Top of EXERCISE DATA

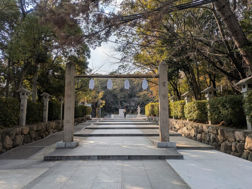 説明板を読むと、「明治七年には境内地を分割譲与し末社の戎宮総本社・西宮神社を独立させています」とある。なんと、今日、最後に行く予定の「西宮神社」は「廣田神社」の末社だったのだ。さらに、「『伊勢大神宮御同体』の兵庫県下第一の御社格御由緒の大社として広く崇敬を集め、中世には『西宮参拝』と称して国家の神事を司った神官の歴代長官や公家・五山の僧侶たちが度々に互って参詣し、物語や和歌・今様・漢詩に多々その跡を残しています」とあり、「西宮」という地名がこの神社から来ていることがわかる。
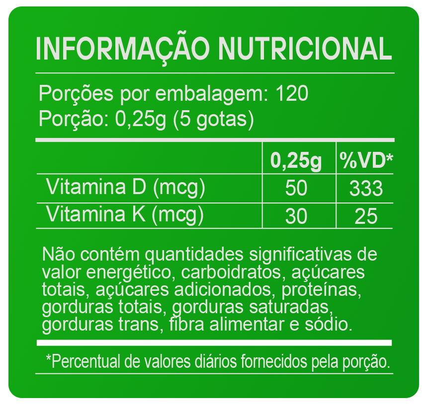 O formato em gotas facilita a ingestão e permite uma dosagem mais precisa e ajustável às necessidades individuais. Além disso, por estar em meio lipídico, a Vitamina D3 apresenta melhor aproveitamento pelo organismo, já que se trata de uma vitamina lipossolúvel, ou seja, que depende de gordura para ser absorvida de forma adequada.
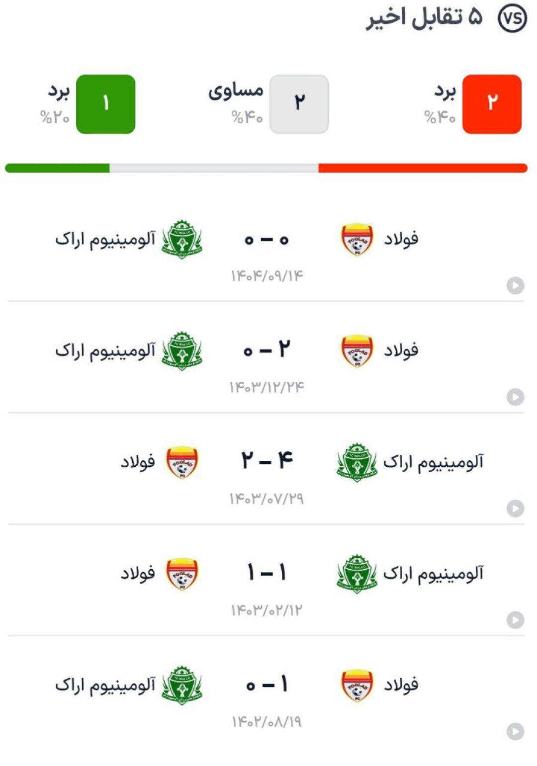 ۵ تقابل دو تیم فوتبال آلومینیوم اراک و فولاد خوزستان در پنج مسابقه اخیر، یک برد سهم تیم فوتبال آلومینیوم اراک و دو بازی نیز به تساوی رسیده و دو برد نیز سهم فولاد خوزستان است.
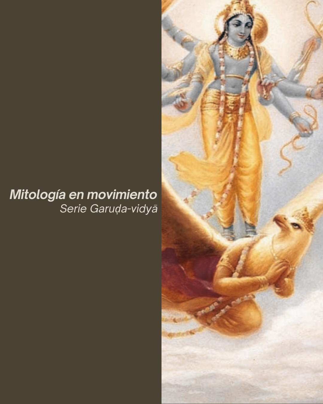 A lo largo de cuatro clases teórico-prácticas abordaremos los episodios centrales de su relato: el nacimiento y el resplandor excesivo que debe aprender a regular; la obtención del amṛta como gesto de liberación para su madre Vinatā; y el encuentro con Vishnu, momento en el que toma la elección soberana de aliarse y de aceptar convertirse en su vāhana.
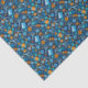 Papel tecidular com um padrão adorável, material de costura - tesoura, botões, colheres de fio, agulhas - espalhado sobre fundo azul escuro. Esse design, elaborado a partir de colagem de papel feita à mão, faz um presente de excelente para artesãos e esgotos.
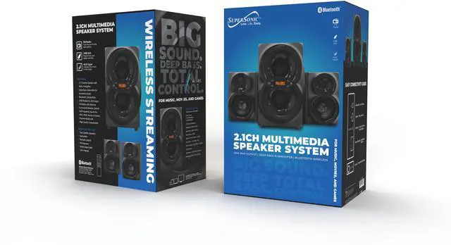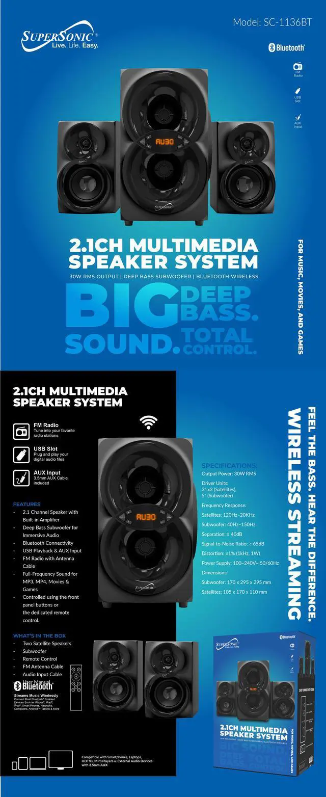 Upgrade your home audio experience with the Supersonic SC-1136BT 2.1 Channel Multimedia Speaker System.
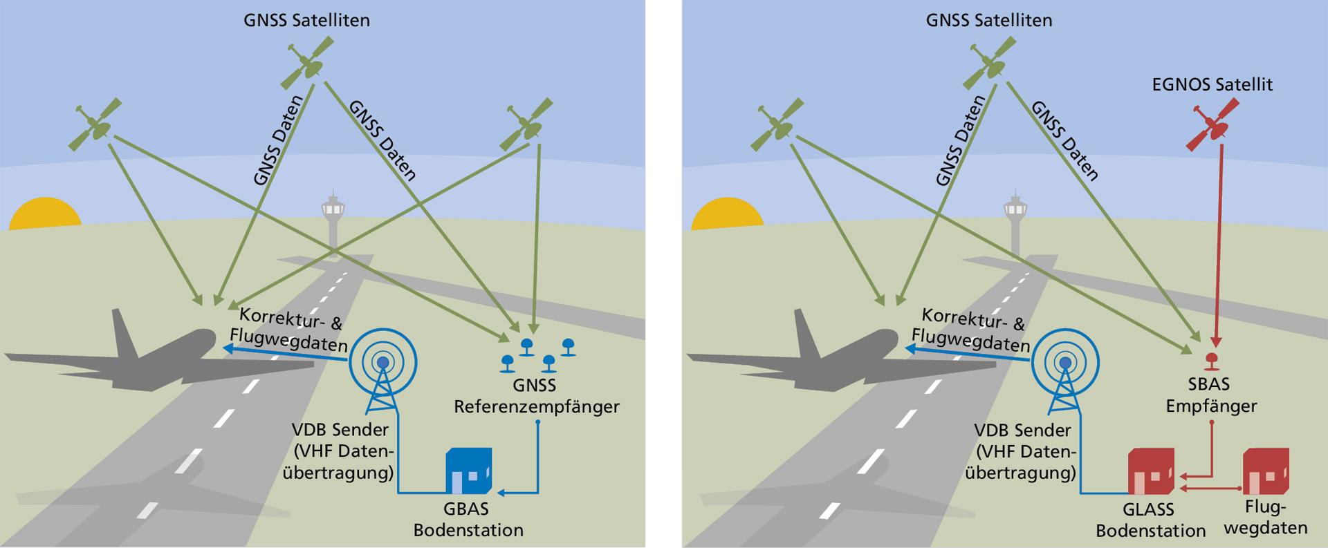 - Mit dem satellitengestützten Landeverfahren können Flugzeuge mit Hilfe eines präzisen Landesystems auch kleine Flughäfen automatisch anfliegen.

Bottom of EXERCISE DATA

### TASK TO CARRY OUT
Your answer must be the lines from the opening line of the entries through the line holding "O formato em", written out exactly and without any picture.

### RESULT BELOW
 説明板を読むと、「明治七年には境内地を分割譲与し末社の戎宮総本社・西宮神社を独立させています」とある。なんと、今日、最後に行く予定の「西宮神社」は「廣田神社」の末社だったのだ。さらに、「『伊勢大神宮御同体』の兵庫県下第一の御社格御由緒の大社として広く崇敬を集め、中世には『西宮参拝』と称して国家の神事を司った神官の歴代長官や公家・五山の僧侶たちが度々に互って参詣し、物語や和歌・今様・漢詩に多々その跡を残しています」とあり、「西宮」という地名がこの神社から来ていることがわかる。
 O formato em gotas facilita a ingestão e permite uma dosagem mais precisa e ajustável às necessidades individuais. Além disso, por estar em meio lipídico, a Vitamina D3 apresenta melhor aproveitamento pelo organismo, já que se trata de uma vitamina lipossolúvel, ou seja, que depende de gordura para ser absorvida de forma adequada.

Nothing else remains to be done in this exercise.